Wiedereröffnung des EHP

Seit 1.7. ist wieder Leben ins EHP eingezogen: Frau Maria Bartholomäus (Master of Arts Europastudien: Sprache, Literatur und Kultur) übernimmt vorläufig bis zum Ende des Jahres 2017 die Betreuung und Leitung des Europäischen Hauses. Schwerpunkt ihrer Arbeit wird die Gestaltung von Bildungs- und Erlebnisangeboten rund um das Thema Europa in den Bereichen Kultur, Politik und Nachhaltigkeit sein. Dabei möchte die 33jährige möglichst viele Menschen in Stadt und Umgebung quer durch Generationen, Berufe und Herkunftsländer/regionen ansprechen und auf ihre Wünsche und Interessen eingehen. Der zweifachen Mutter, welche sich im Bereich der Kulturarbeit und des Veranstaltungsmanagements durch die Organisation und Koordination der Eichstätter Kulturtage 2016 einen Namen gemacht hat, liegt besonders am Herzen, durch die Angebote, Workshops und Projekte des EHP das Miteinander zu stärken. 

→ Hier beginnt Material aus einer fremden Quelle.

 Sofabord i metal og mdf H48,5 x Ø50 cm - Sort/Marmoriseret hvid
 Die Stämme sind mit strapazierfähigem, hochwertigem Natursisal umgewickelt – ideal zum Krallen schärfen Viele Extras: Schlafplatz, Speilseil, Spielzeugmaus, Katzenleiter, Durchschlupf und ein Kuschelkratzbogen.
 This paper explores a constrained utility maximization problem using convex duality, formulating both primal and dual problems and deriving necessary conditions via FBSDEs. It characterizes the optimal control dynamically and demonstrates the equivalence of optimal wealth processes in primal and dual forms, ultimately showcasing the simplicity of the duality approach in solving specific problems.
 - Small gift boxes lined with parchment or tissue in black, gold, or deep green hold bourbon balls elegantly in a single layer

Um die Wiederaufnahme der EHP-Aktivitäten gebührend zu feiern, lädt das EHP am Samstag, den 29.07, von 16 bis 18 Uhr alle Pappenheimer Bürgerinnen und Bürger sowie interessierte Besucher außerhalb der Stadt auf das Herzlichste zu einem Eröffnungsfest in sommerlicher Atmosphäre ein. Bartholomäus wird bei der Ausrichtung des Festes tatkräftigt von den Damen der Tourist-Information, Frau Ina Strunz, Frau Michaela Schöner und Frau Mini Wurm unterstützt.                      

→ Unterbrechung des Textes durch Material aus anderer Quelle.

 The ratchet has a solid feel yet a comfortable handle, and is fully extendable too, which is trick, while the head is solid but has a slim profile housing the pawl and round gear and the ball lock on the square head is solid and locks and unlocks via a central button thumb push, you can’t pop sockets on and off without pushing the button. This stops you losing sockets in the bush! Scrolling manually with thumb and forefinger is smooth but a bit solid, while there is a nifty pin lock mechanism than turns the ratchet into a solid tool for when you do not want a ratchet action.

Geboten wird neben einem Sektempfang, eine Europa-Stadtrallye (mit tollen Preisen), Musik zum Entspannen durch das Piano-Percussion-Duo Schlegel & Schächer und CrossBoule-Partien natürlich die Vorstellung des neuen EHP-Konzepts sowie eine kleine Rede des 1. Bürgermeisters Uwe Sinn. Da an diesem Samstag auch das Heimatrauschfestival und das Sommerfest der Werbegemeinschaft "Pappenheim live" stattfinden, lohnt sich ein Besuch im EHP gleich umso mehr.

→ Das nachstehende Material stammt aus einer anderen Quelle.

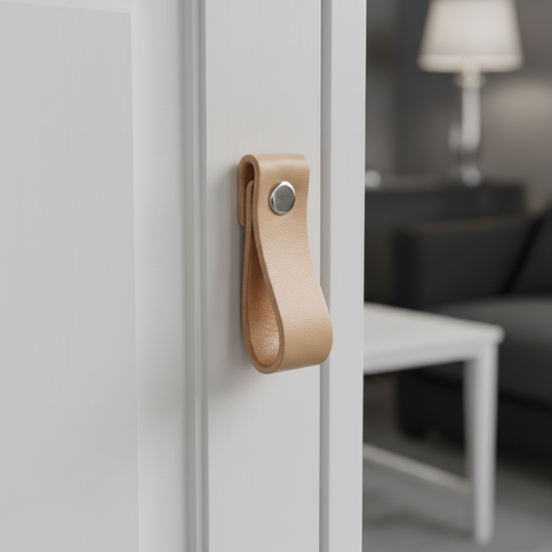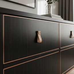 Elegantná kožená úchytka DOLCE Mini z prírodnej kože je štýlový doplnok pre moderný aj klasický nábytok. Mäkký kožený pásik pôsobí minimalisticky, je príjemný na dotyk a vytvára prirodzený teplý akcent v interiéri. Vďaka svojmu tvaru je ideálna pre zásuvky, dvierka či menší nábytok.
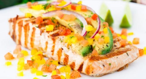 Salmone alla griglia con dadolata di verdure
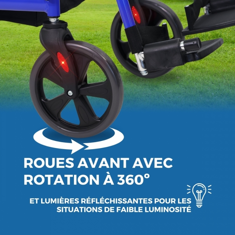 Avec les 4 roues pleines de ce déambulateur avec siège, inutile de craindre des crevaisons intempestives, car elles sont conçues pour franchir confortablement les petits obstacles en surface, aussi bien à l'intérieur qu'à l'extérieur.
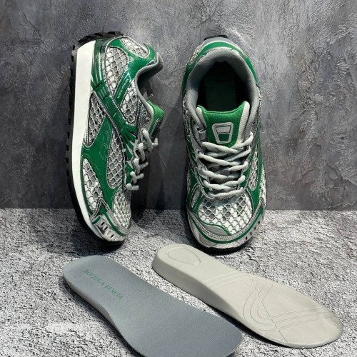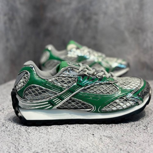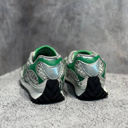 Серебристо-зеленые кроссовки Bottega Veneta из сетчатой ткани. Верх выполнен из легкой текстильной сетки. Он отлично пропускает воздух и способствует быстрому отведению излишков тепла и влаги от стопы. Кроссовки станут универсальной вещью в вашем гардеробе. Выходите в них на легкую пробежку или на встречу с друзьями - в обоих случаях вы будете чувствовать себя великолепно. В нашем интернет-магазине вы можете купить копии кроссовок с доставкой по Москве и по всей России.
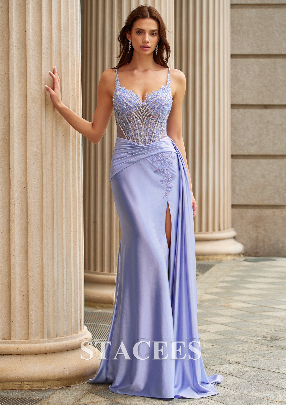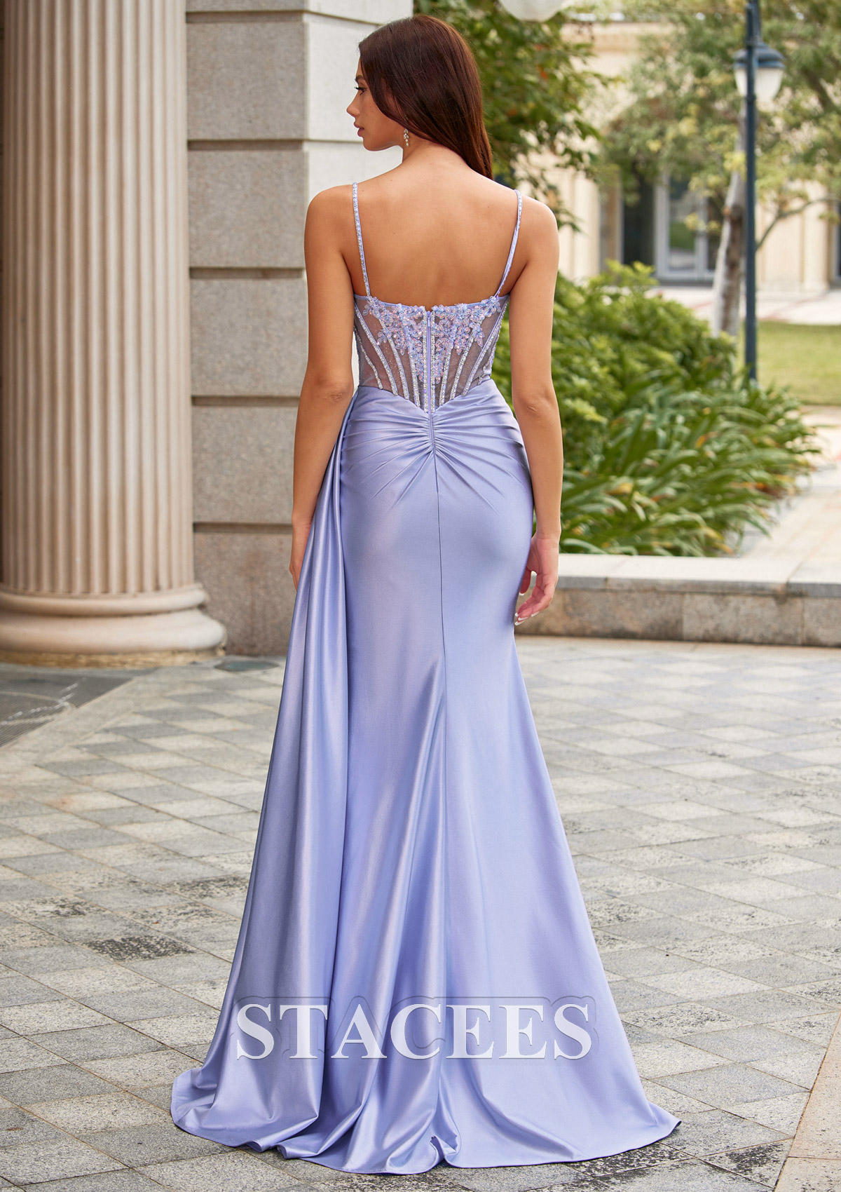 Sheath/Column Silk like Satin Prom Dress V Neck Sweep Train with Beading Side Draping S9097P - Prom Dresses - Stacees.co.uk
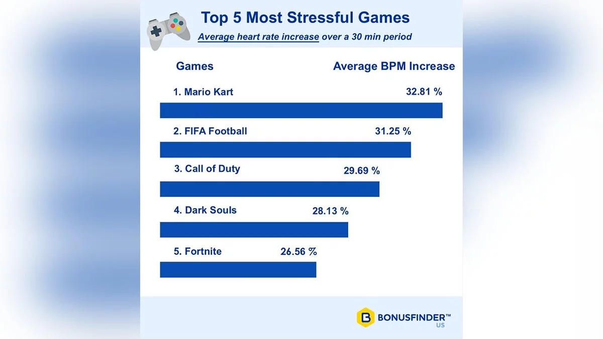 Когда вы думаете о подобных видеоиграх, последнее, что приходит на ум, это Mario Kart 8. Однако именно её специалисты определили в качестве самой «стрессовой» игру на сегодняшний день. Команда проекта BonusFinder провела ряд тестов, предлагая геймерам 16 самых популярных компьютерных, консольных и мобильных игр. При этом замерялась частота пульса.

Wir freuen uns auf zahlreiche, neugierige Besucher!

Hinweis

Durch den Stadtratsbeschluss vom 25.02.16 ist der EHP-Betrieb zum 30.04.16 beendet. Bei Interesse am bisherigen inhaltlichen Angebot können Sie sich weiterhin an Prof. Dr. Joachim Grzega wenden, und zwar unter joachim.grzega(at)ku.de. Zu sonstigen Fragen rund ums EHP wenden Sie sich bitte an den 1. Bürgermeister der Stadt Pappenheim, Uwe Sinn, unter 09143/606-15.

 

LETZTE NACHRICHT

17.04.16: Viel Applaus für Studentinnen, stehende Ovationen für Joachim Grzega

Es war die letzte Veranstaltung im EHP als Zentrum für Politik, Kulturen und Sprachen. Der Saal war noch einmal voll besetzt.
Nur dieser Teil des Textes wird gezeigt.